The phrase "it's not just X — it's Y" has become an infallible marker of AI-generated texts
Researchers have identified a new infallible marker of AI-generated texts: the construction "it's not just X — it's Y" appears in synthetic materials so…
AI-processed from TechCrunch; edited by Hamidun News
There's a simple way to check a text for AI origin: find the construction "it's not just X — it's also Y". If it appears even once, the probability of synthetic authorship approaches one hundred percent. This is the conclusion that follows from observations that TechCrunch summarized in April 2026.
The construction with the opposition "not only... but also..." has become such a characteristic feature of AI-generated materials that it has ceased to be merely circumstantial evidence — now it is almost a guarantee.
Why exactly this one? Language models were trained on billions of texts, among which were journalistic long-reads, analytical reviews, and marketing materials. In these genres, the construction appears frequently — it creates an appearance of depth and nuance.
The model has learned it as a signal of "intelligent writing" and now reproduces it automatically whenever it needs to strengthen an argument or show that the topic has been examined from all sides.
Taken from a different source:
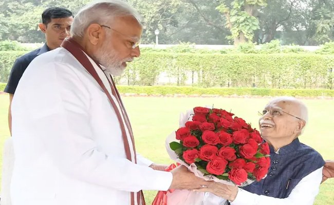 नई दिल्ली। प्रधानमंत्री नरेंद्र मोदी मंगलवार को वरिष्ठ भाजपा नेता लालकृष्ण आडवाणी के 95वें जन्मदिन पर उन्हें बधाई देने उनके आवास पहुंचे। इस दौरान रक्षा मंत्री राजनाथ सिंह भ

The problem is dosage. In human text, such a construction appears rarely and in the right place.
When a language model uses it several times in a row in one material, it is no longer style — it is a glitch that immediately catches the eye of any editor. This is not the first nor the last "clue" of this kind. Before this, researchers have documented other AI markers: the word "delve" in inappropriate contexts, introductory phrases like "Certainly!"
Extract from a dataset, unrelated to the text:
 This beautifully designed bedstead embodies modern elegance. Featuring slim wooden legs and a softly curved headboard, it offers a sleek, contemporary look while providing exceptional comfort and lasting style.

and "Great question!", perfectly even lists of exactly five items, conclusions in the spirit of "this opens new horizons for future research". Each such pattern goes through the same trajectory: first editors notice it, then it falls into the list of detectors, then developers try to remove it — and the cycle repeats.
The scale of the problem is significant. By several estimates, in some niches — marketing blogs, corporate news, content farms — the share of AI-generated materials already exceeds 60-70%. Characteristic patterns have literally spread across the internet, and readers are beginning to recognize them intuitively, even without being able to articulate what exactly bothers them.
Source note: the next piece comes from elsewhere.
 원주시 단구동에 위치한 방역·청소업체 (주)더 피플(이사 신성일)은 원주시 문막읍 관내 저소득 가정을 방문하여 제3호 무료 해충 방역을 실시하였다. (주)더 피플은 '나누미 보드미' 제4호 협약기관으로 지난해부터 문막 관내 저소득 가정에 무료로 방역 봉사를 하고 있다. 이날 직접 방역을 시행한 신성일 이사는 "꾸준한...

For companies and authors who use language models in their work, this is a practical signal on several levels. First: final editing is not optional. Running a text through a model and publishing it immediately means risking your reputation.
A reader who has noticed a formulaic construction draws a conclusion not only about the quality of a particular material, but also about the author's attitude toward the audience. Second: prompt tuning works. An explicit ban on clichés in a system prompt — "don't use construction X", "avoid symmetrical oppositions" — radically reduces their frequency.
This is not a guarantee, but a significant improvement. Third: the list of markers needs to be updated. Patterns change along with models.
What worked as a detector a year ago may have already been corrected in new versions. And conversely — new models bring new clichés that no one has noticed yet. The story with the "it's not just X — it's Y" construction illustrates well the nature of the race between language models and those who edit them.
Models quickly master stylistic techniques that look convincing at a statistical level — but that is precisely why they reproduce them too often and too predictably. A good editor still beats the algorithm. For now.